It’s there. It’s always there. Sometimes in the lyrics. Sometimes in the guitar licks. Often in the voice of Jorge Navarro. “Cuba.” The unmistakable connection to an island that has been a U.S. fixation since the 1959 revolution brought Fidel Castro to power. For Navarro, a first-generation Cuban-American who grew up in Miami (and now lives in San Francisco), Cuba is in his blood. But he has always been one of those hyphenated Americans who straddles different worlds, who can go in and out of disparate cultures — and that’s what his music reflects. It’s Cuba meets Punk meets Surf Music meets a lineup of other influences, and it’s surprisingly well-mixed — like an off-the-wall cocktail you find irresistible after the very first sip.

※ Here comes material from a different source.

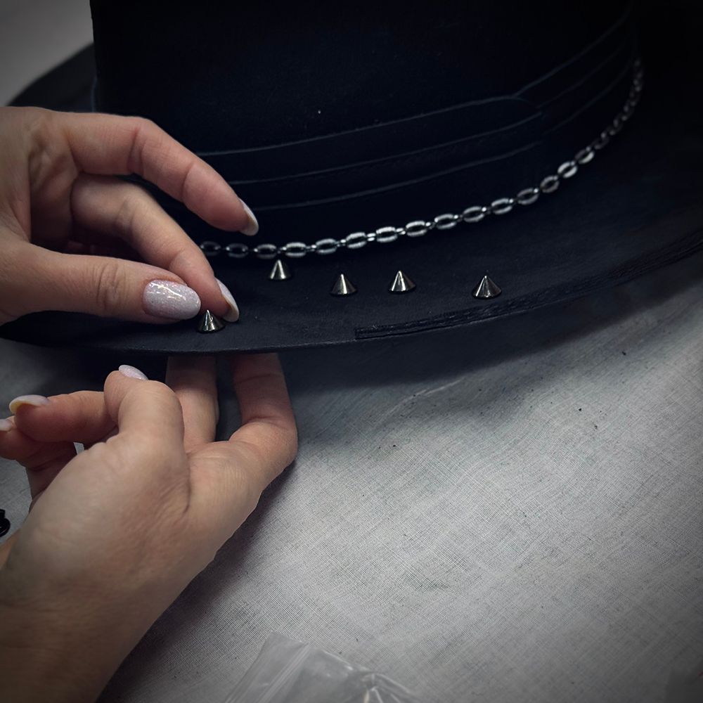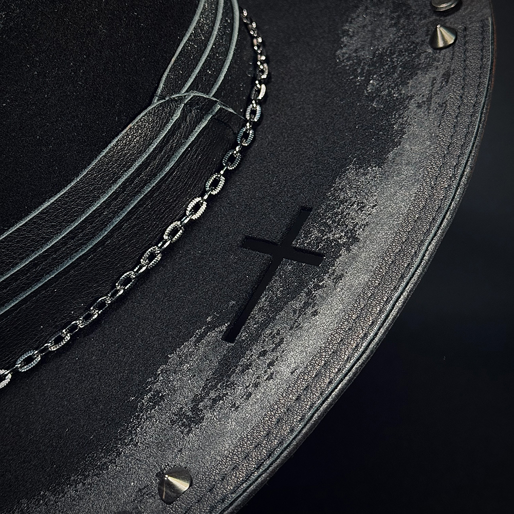 Отделка: кожаная лента, металлическая фурнитура (шипы, клёпки, цепочка, кольца), пробитый насквозь крест на поле

Consider the song “Cojones,” which starts off with a Jimi Hendrix-inspired riff, turns into a Cuban rumba, then into a Sex Pistols-like rave, then into a spoken word rap about Navarro’s childhood, where — in English and Spanish — he yells about the time his grandfather threatened to emasculate him for hitting his sister. At the song’s end, Navarro has outed his father for hitting his mother, and each musical foray has returned to be heard again. The low points of Navarro’s upbringing, and the songwriter’s dark humor, add to the frenetic elements of “Cojones,” which is on The Cuban Cowboys‘ new release, Diablo Mambo.

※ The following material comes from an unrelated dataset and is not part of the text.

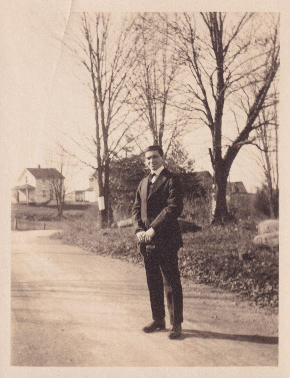 Black-and-White photograph of an unidentified man standing on a road or driveway. He is wearing a suit and holding his hat in his hands. Several buildings are visible in the distance. The photograph was likely printed by Kollecker's Kodak and Gift Shop.

Navarro and the other Cowboys are celebrating their album on Friday in San Francisco, in a concert at the Bottom of the Hill that will showcase the group’s ability to play meaningful songs that are also fun and wildly danceable. The Cuban Cowboys can slow it down a little, as the song called “Liberace Afternoon,” which envelopes more traditional Cuban music to pay homage to Navarro’s piano-playing grandmother, Irene Von, who lived with Navarro’s family in Florida before passing away in 1986. Navarro’s father, Augustine, moved to Florida in 1960 after being released from jail in Cuba, where he had been detained because of his pro-democracy beliefs, Jorge Navarro says. Augustine Navarro — who had been a Havana City Councilman — was set free from prison only because of the intervention of his father, Jose Navarro, a prominent Cuban who knew one of the revolution’s primary architects, Che Guevara.
“My father had a 30-year jail sentence, but in exchange for my grandfather staying and teaching Che Guevara about the banking system, they let him go,” Jorge Navarro says.